> [What is needed] Restate the records that follow word for word; no pictures should appear.
Records for the task: Begin
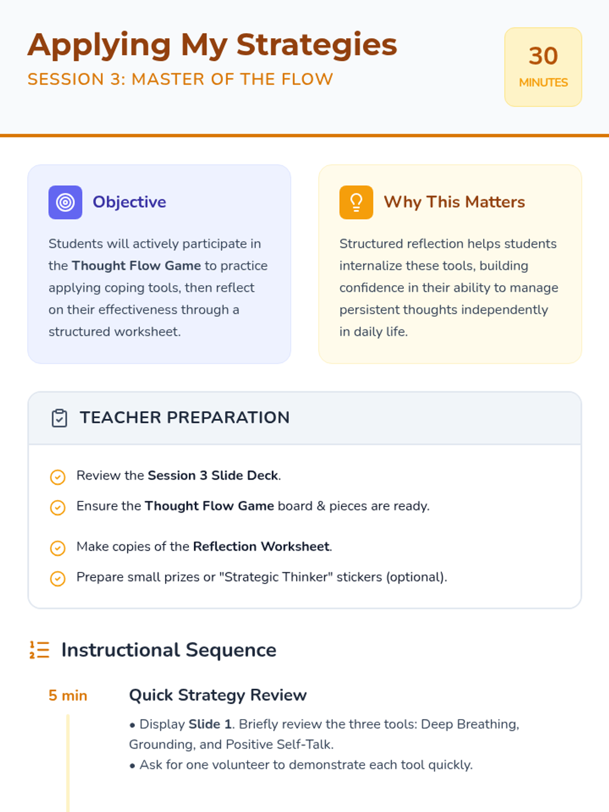 A 3-session series for middle school students with autism to identify perseverative thoughts and apply practical coping strategies to build cognitive flexibility.
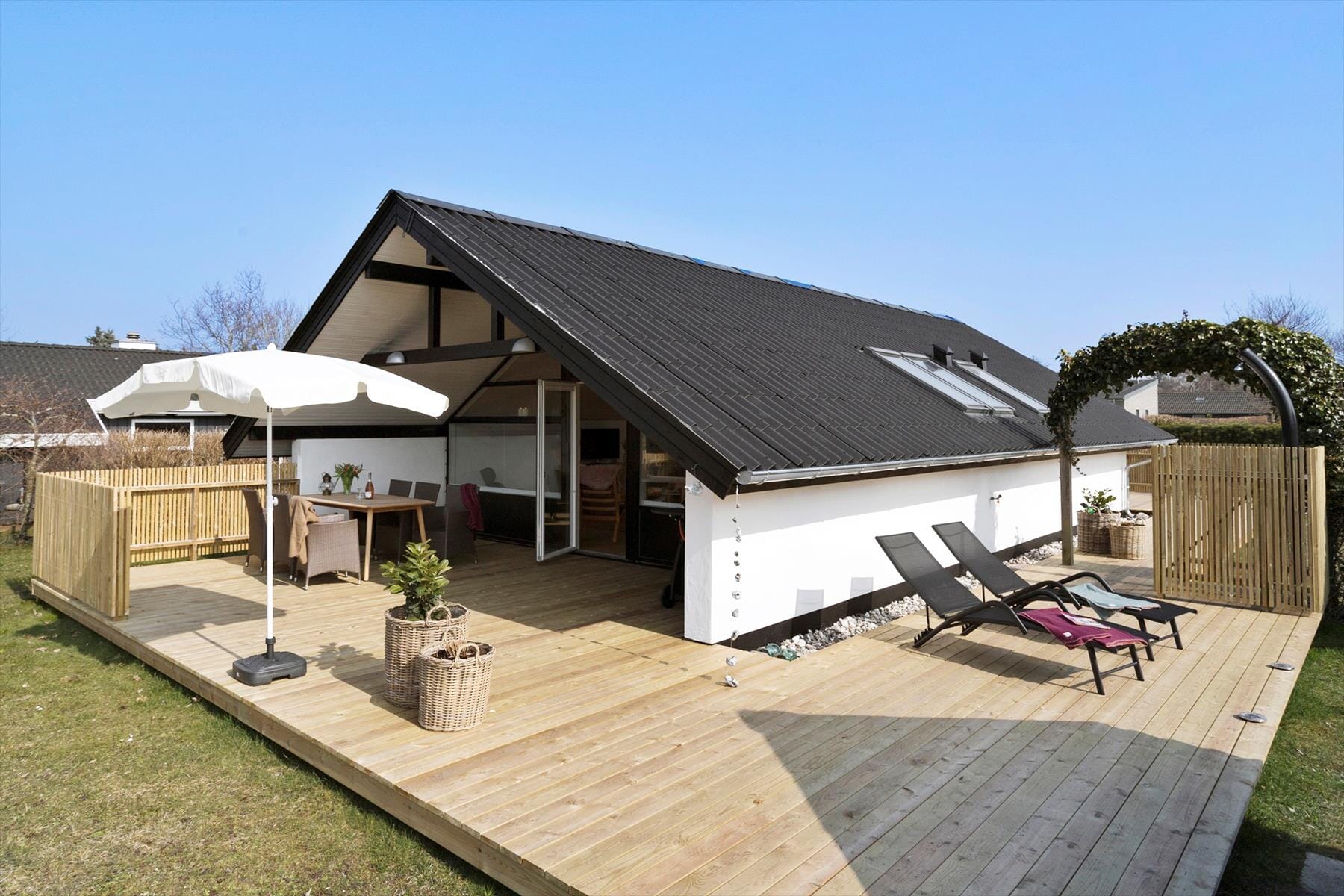 Fra stuen er der direkte udgang til stor træterrasse som binder hus og have flot sammen.
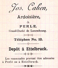 Ardoisière (Cahen) Kahn & Cie - 1891 - Bourgweg / Im Steinberg, Perlé (Document: ANLux)
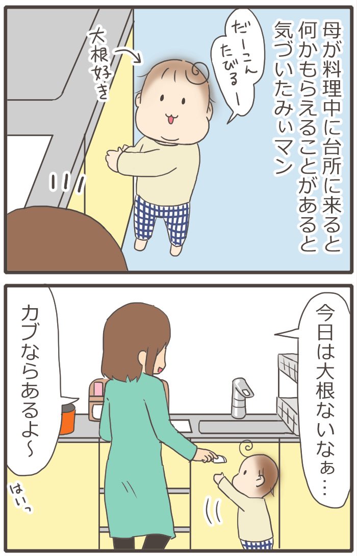 1 0 ちなみに今は大根食べなくなりました(偏食期) #漫画が読めるハッシュタグ #四コマ漫画 #子育て漫画 #育児漫画 #育児絵日記 #エッセイ漫画 22/11/10 18:19
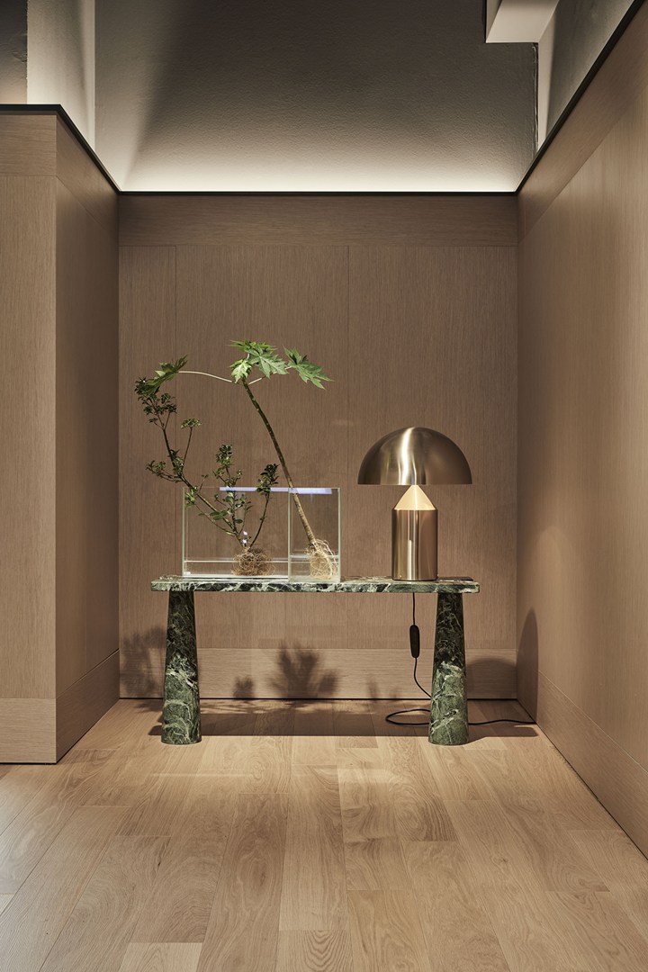 Черная и золотая версии лампы Atollo были использованы в концептуальном магазине и зоне Spa-Wellness, подчеркивая их уникальный стиль.
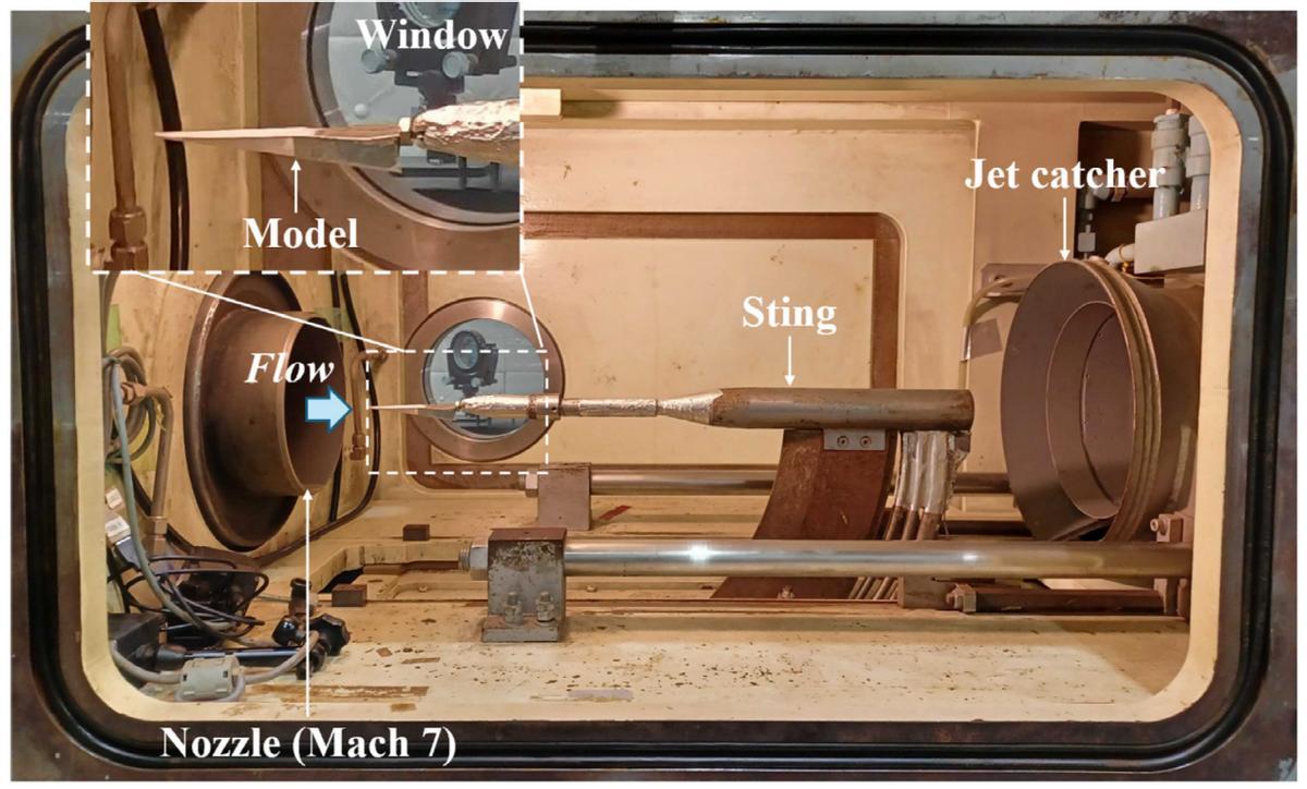 高超聲速高焓風洞測試段內的實驗裝置示意圖(圖片來源:參考文獻[1])
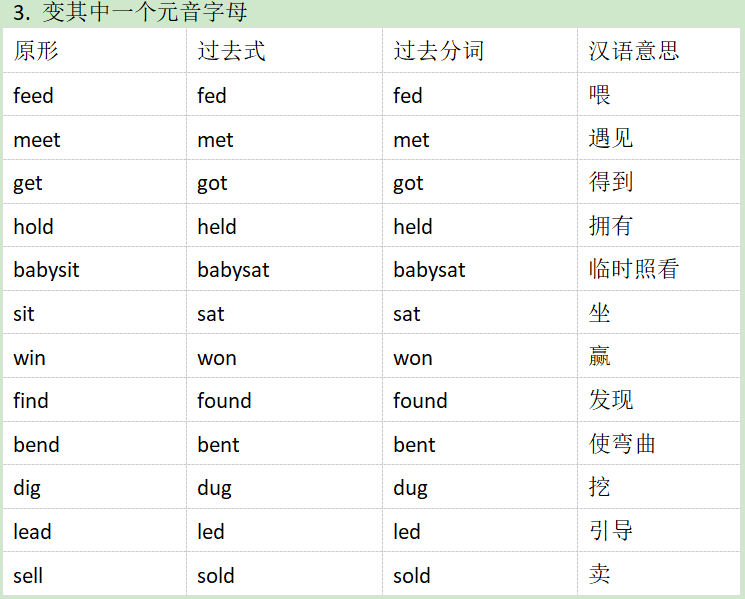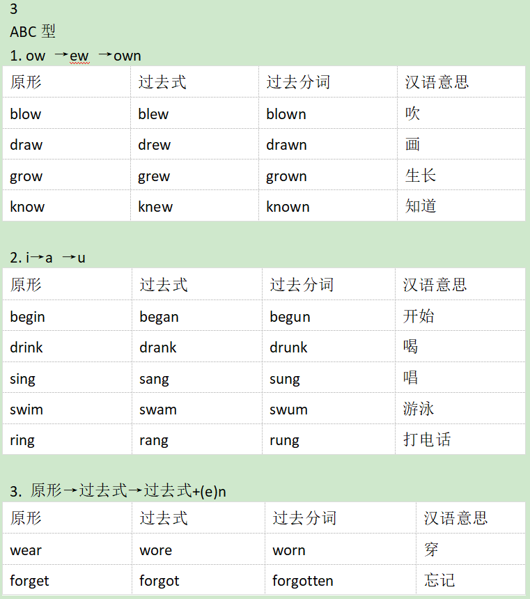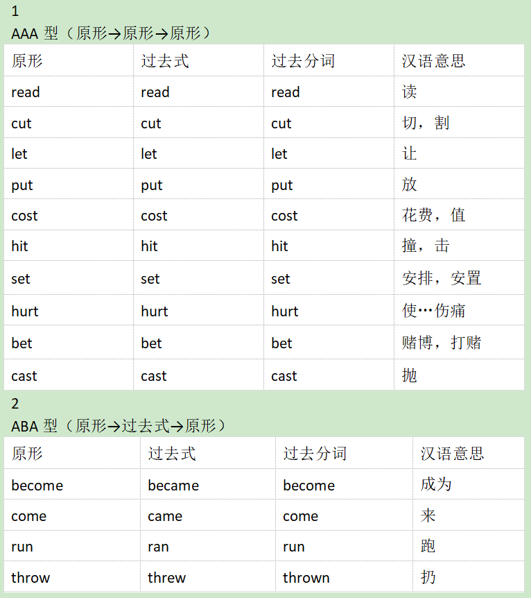 不规则动词的过去式和过去分词大致可以为AAA型(原形、过去式和过去分词都一样)ABA(原形和过去分词一样,过去式不一样)ABB(过去式和过去分词一样)ABC(原形和过去式和过去分词都不一样)
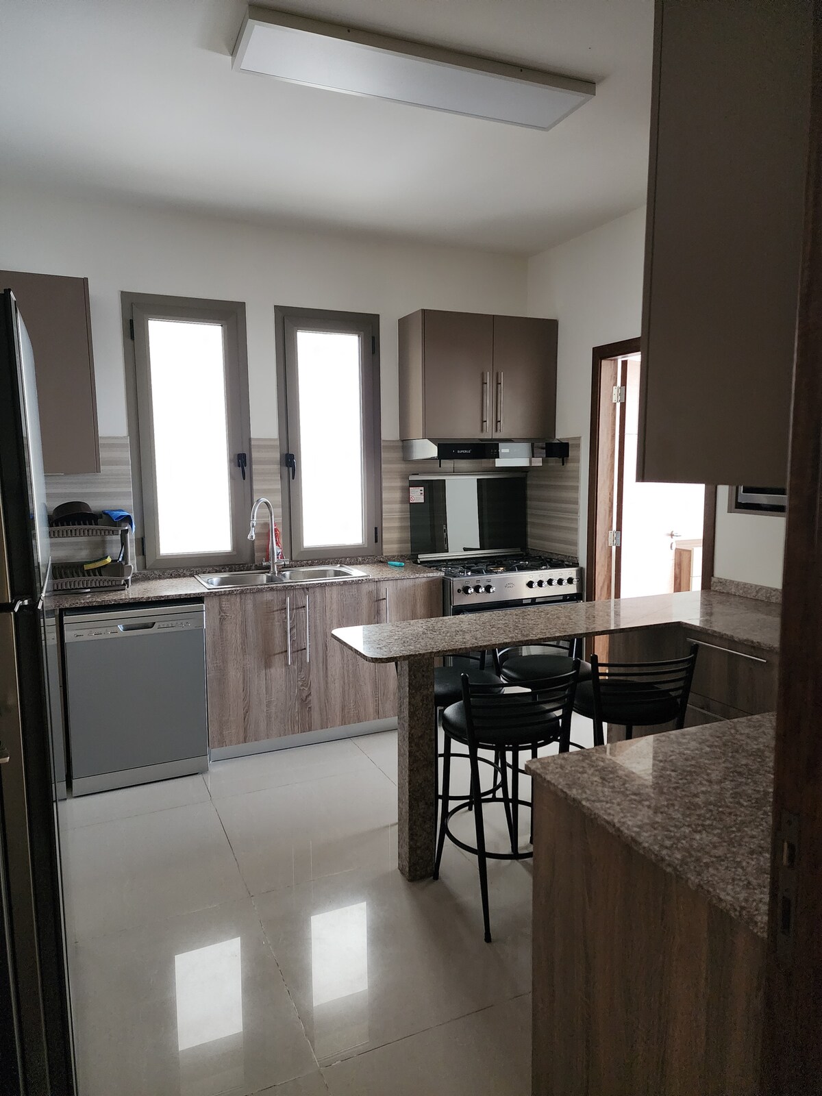 Spacious 237 m², 3-bedroom apartment in a gated building with 24/7 security and two free parking spots. Across from Spinneys & McDonald’s, next to Sport District Gym, and a 5-min walk to Dam & Farez’s lively café street. Enjoy 24/7 power with solar energy, ultra-fast WiFi 7, and LG AC units in every room. Modern, secure, and perfectly located—ideal for families, groups, or business travelers. Book your stay today.
Records for the task: End
> [Result for this task]
 A 3-session series for middle school students with autism to identify perseverative thoughts and apply practical coping strategies to build cognitive flexibility.
 Fra stuen er der direkte udgang til stor træterrasse som binder hus og have flot sammen.
 Ardoisière (Cahen) Kahn & Cie - 1891 - Bourgweg / Im Steinberg, Perlé (Document: ANLux)
 1 0 ちなみに今は大根食べなくなりました(偏食期) #漫画が読めるハッシュタグ #四コマ漫画 #子育て漫画 #育児漫画 #育児絵日記 #エッセイ漫画 22/11/10 18:19
 Черная и золотая версии лампы Atollo были использованы в концептуальном магазине и зоне Spa-Wellness, подчеркивая их уникальный стиль.
 高超聲速高焓風洞測試段內的實驗裝置示意圖(圖片來源:參考文獻[1])
 不规则动词的过去式和过去分词大致可以为AAA型(原形、过去式和过去分词都一样)ABA(原形和过去分词一样,过去式不一样)ABB(过去式和过去分词一样)ABC(原形和过去式和过去分词都不一样)
 Spacious 237 m², 3-bedroom apartment in a gated building with 24/7 security and two free parking spots. Across from Spinneys & McDonald’s, next to Sport District Gym, and a 5-min walk to Dam & Farez’s lively café street. Enjoy 24/7 power with solar energy, ultra-fast WiFi 7, and LG AC units in every room. Modern, secure, and perfectly located—ideal for families, groups, or business travelers. Book your stay today.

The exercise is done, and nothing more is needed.